Activity -
Which lines run from the line with "Atelier inédit spécialement" through the line with "contraire, cliquez sur" in the entries below? Print them exactly, both ends included, and nothing more.

Task data -
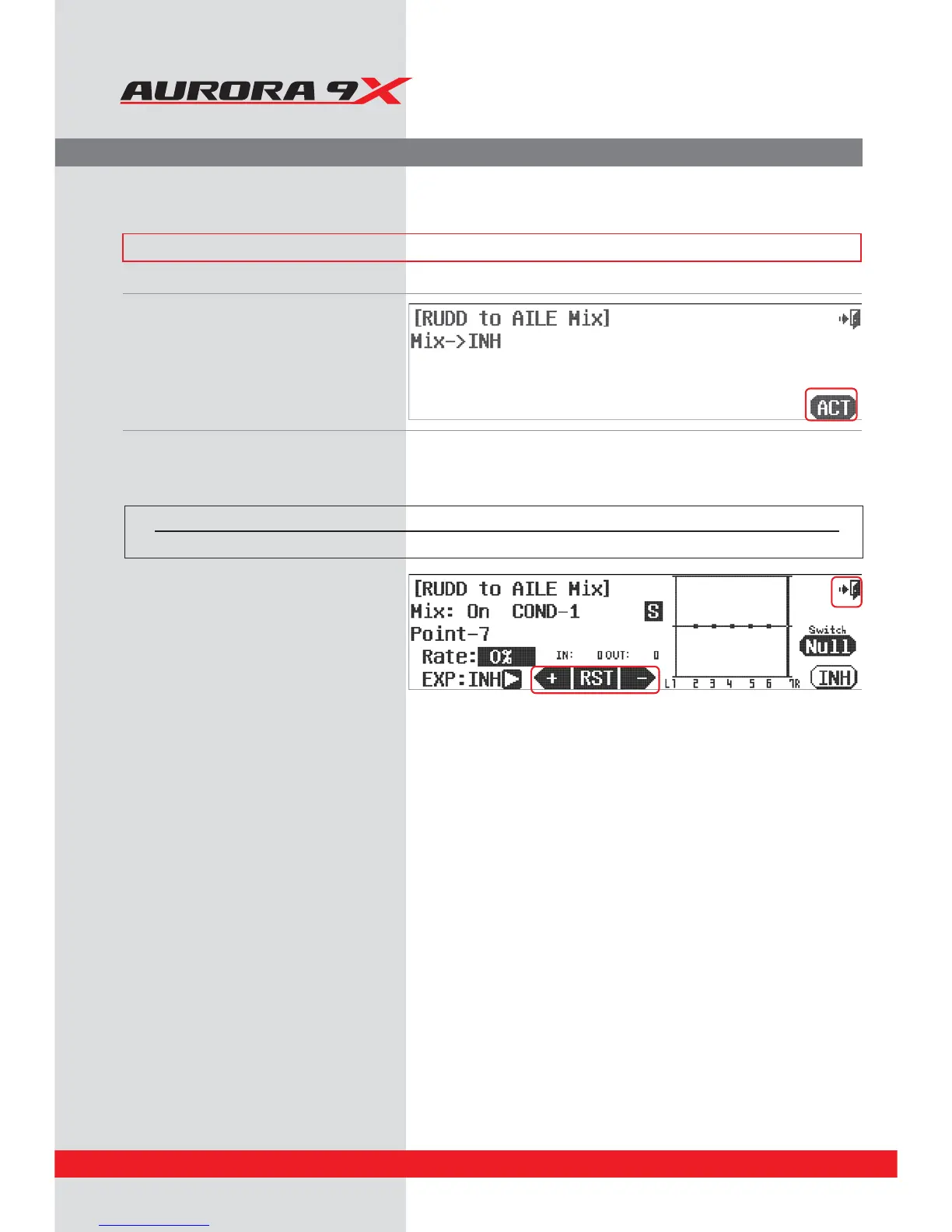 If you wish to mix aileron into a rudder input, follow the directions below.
...
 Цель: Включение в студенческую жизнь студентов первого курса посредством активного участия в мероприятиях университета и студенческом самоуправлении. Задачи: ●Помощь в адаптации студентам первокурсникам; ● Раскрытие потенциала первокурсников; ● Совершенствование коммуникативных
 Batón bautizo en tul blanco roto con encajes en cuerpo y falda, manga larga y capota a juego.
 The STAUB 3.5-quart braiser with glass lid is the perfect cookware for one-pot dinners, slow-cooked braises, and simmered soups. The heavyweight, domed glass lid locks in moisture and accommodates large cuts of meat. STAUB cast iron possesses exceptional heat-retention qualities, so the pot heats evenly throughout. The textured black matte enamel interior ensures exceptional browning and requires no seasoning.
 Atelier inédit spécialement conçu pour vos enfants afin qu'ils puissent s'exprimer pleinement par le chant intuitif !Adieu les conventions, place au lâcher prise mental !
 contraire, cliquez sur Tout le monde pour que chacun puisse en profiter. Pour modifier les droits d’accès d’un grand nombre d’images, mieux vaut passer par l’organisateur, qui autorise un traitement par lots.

Response to this task -
 Atelier inédit spécialement conçu pour vos enfants afin qu'ils puissent s'exprimer pleinement par le chant intuitif !Adieu les conventions, place au lâcher prise mental !
 contraire, cliquez sur Tout le monde pour que chacun puisse en profiter. Pour modifier les droits d’accès d’un grand nombre d’images, mieux vaut passer par l’organisateur, qui autorise un traitement par lots.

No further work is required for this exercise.